In the same hearing, the Australian Securities and Investment Commission confirmed it was formally investigating three separate lenders for failing to do enough to help customers in financial hardship.

Lenders have a responsibility to consider options to vary customer repayment obligations if notified of hardship under the national credit code.

ASIC chair Joe Longo said lenders were ignoring hardship notices and “effectively abandoning customers who needed their support in a time of need”.

Speaking at the parliamentary hearing on Tuesday, Longo detailed an “egregious” case study where a customer made five separate calls over six months before the lender responded to a hardship request.
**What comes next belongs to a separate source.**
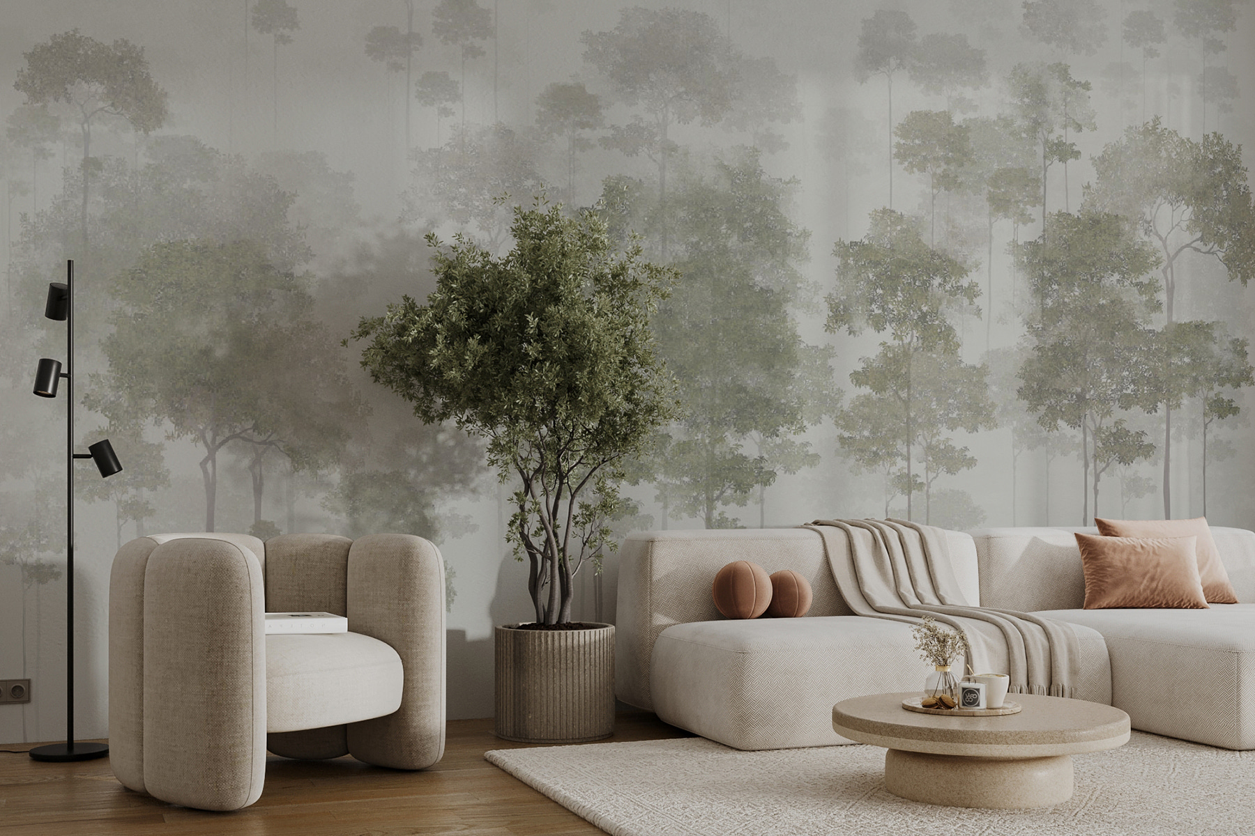 Stel je voor dat je een sereen bos binnenstapt telkens als je de kamer binnenloopt. Deze muurschildering van bomen in een mistig bos doet precies dat. De mistige achtergrond geeft het gevoel alsof de natuur zachtjes is ingepakt in een knusse deken en nodigt uit tot een gevoel van rust en vrede. Kun je je voorstellen dat je je oprolt met een boek onder de zachte verlichting? Of misschien net doen alsof je koffie drinkt terwijl je de bladeren ziet dansen in de bries – gewoon vanuit je woonkamer? Het is een perfect accent voor een moderne ruimte of zelfs een knus hoekje. Haal het buitenleven naar binnen en laat de rust je alledaagse sfeer versterken.

The customer, who was struggling to make mortgage repayments after having to take time off work, was continually “bounced from call centre to a branch and back to the call centre before they were transferred through to the hardship team”.

“This is not good enough,” Longo said.

“Lenders need to do better to help Australians doing it tough.”

Lenders had been given feedback on their hardship assistance processes, Longo said, and been asked to provide an action plan to address any issues.

The anecdote stemmed from a recent investigation by the regulator revealing accessing financial assistance was so challenging, more than one in three Australians had dropped out of the application process.

Rates of financial hardship were high, separate ASIC research released on Monday revealed, reflecting a string of interest rate hikes and cost-of-living pressures.

About half of Australian adults with debt, the equivalent of 5.8 million people, had struggled to make repayments in the past 12 months.

Tough economic conditions has kept consumer confidence in the doldrums and below the neutral level of ANZ and Roy Morgan’s weekly survey for two years running.

Last week, the sentiment index was largely unchanged, though the gauge of inflation expectations rose a little, probably reflecting the stronger-than-expected monthly consumer price index.